Without venturing into the realms of Jedi mysticism, I am interested in others experiences of when/how you know something in your woodworking that is not obvious to the casual observer.
In a lot of Paul’ videos, he talks about “engaging all the senses”. I took some of this with a pinch of salt at first, thinking it was part of Paul’s patter and USP – because you aren’t wearing ear defenders you can hear stuff etc.
I am starting to realize that there are indeed a lot of ways of sensing that are not immediately apparent to the beginner and that these augment our working.
I can give some examples of this and hope that others will share too so we may learn from each other.
Some examples I have learned and experienced (credit to Paul Sellers mostly):
1. When adjusting a plane laterally, the sound of the shaving on each side gives a good indication of the thickness of the shaving. It’s actually better than relying just on sight judging of shaving thickness.
2. When planing, the plane lets you feel and hear which areas are cutting well and which will not produce a good surface with the current technique/setup.
3. When crosscutting, the pitch of the sawing sound tells you how near you are to separating the components.
4. When squaring up wood, my eyes are becoming more attuned to when something is and isn’t square.
5. This is the most crazy sounding one, but I am convinced there is something in it:
When checking for squareness with a square, I have started to be able to hear as well as see the squareness. When the stock is already registered, a square will make a different sound depending how much of the blade engages with the surface being tested.

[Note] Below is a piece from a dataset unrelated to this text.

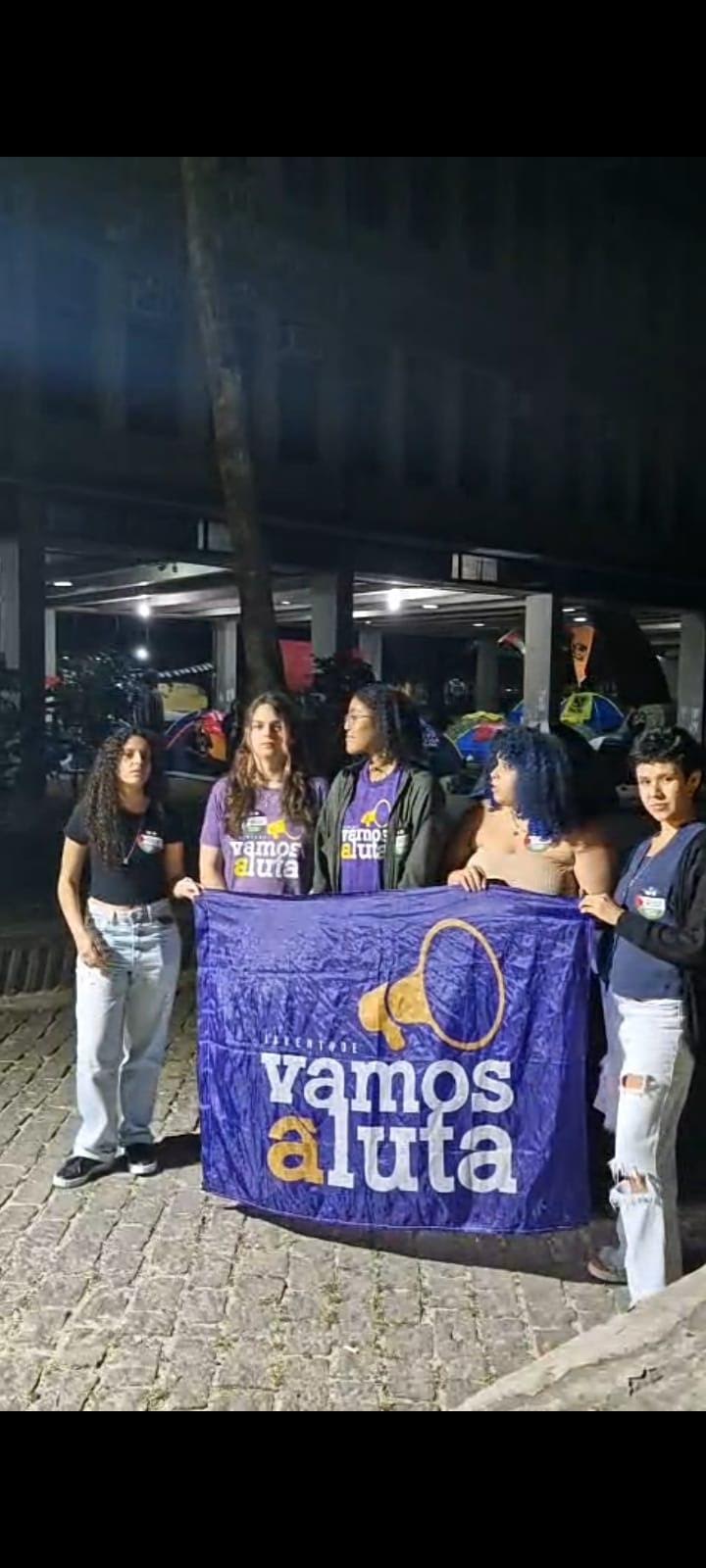 Realizamos um acampamento estudantil em apoio à Flotilha Sumud e em repúdio ao convênio da UFF com uma universidade israelense, enfrentando bravamente o frio e os desconfortos dos paralelepípedos. O esforço coletivo resultou em uma vitória importante: o rompimento do convênio da UFF com a Universidade de Ben Gurion.

I think, Paul Sellers means it in both ways, senses used to judge and accomplish the work in the best possible way, and also enjoy “sensing” your work.

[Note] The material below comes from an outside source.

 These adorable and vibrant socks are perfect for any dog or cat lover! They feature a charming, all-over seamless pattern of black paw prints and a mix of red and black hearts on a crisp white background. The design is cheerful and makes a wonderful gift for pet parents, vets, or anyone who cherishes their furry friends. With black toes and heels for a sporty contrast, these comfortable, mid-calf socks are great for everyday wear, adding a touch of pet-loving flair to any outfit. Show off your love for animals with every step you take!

On some occasions, it is good to know, what to look at or listen to. But generally, I think, it is important to keep all senses open and actually try to look at all the data you get. Then you can learn to filter out, what is important for what you are doing right now. Paul Sellers gives some hints, like listening to the pitch of the saw, “hearing” the thickness of the shaving etc. But there is so much more, and I think, our brain is ready to learn it, if we simply do engage our senses.
By the way, one very important sense seems to be neglected often: The common sense 😉
As grinding or honing reaches the actual cutting edge, there is a change in feel and sound that I listen for every time I sharpen. It’s a scratchy sound, more sibilant, almost like a hiss, and the feeling is more “catchy.”

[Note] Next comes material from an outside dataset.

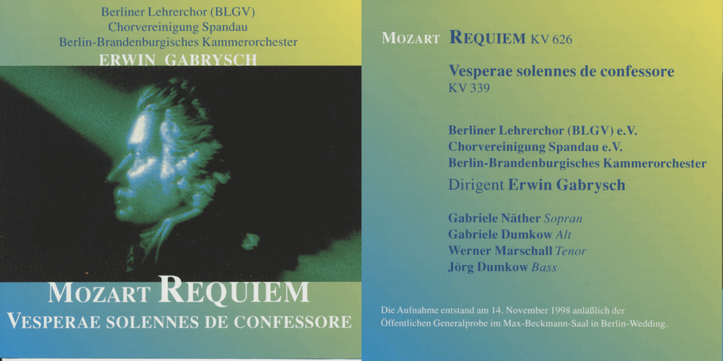 „Recordare“ aus Mozarts Requiem mit dem Berliner Lehrerchor, der Chorvereinigung Spandau und dem Berlin-Brandenburgischen Kammerorchester unter der Leitung von Erwin Gabrysch.

There is also the sound of failure…loose hammer faces or heads, vibrations from machines, dull knives thunking over hard grain lines rather than cutting them, etc., that are good not to have tuned out.
The changing feel of a plane when it hits a knot or reversed grain
the smell of a shaved pine knot,
The touch of the edge joints when they are even
eyeballing straight and square then checking and finding it is
The sound of a chisel bottoming out in a mortise .
Just being aware of what the tool is doing as you try to form something with it.
I guess just being aware is best, which is more than paying attention.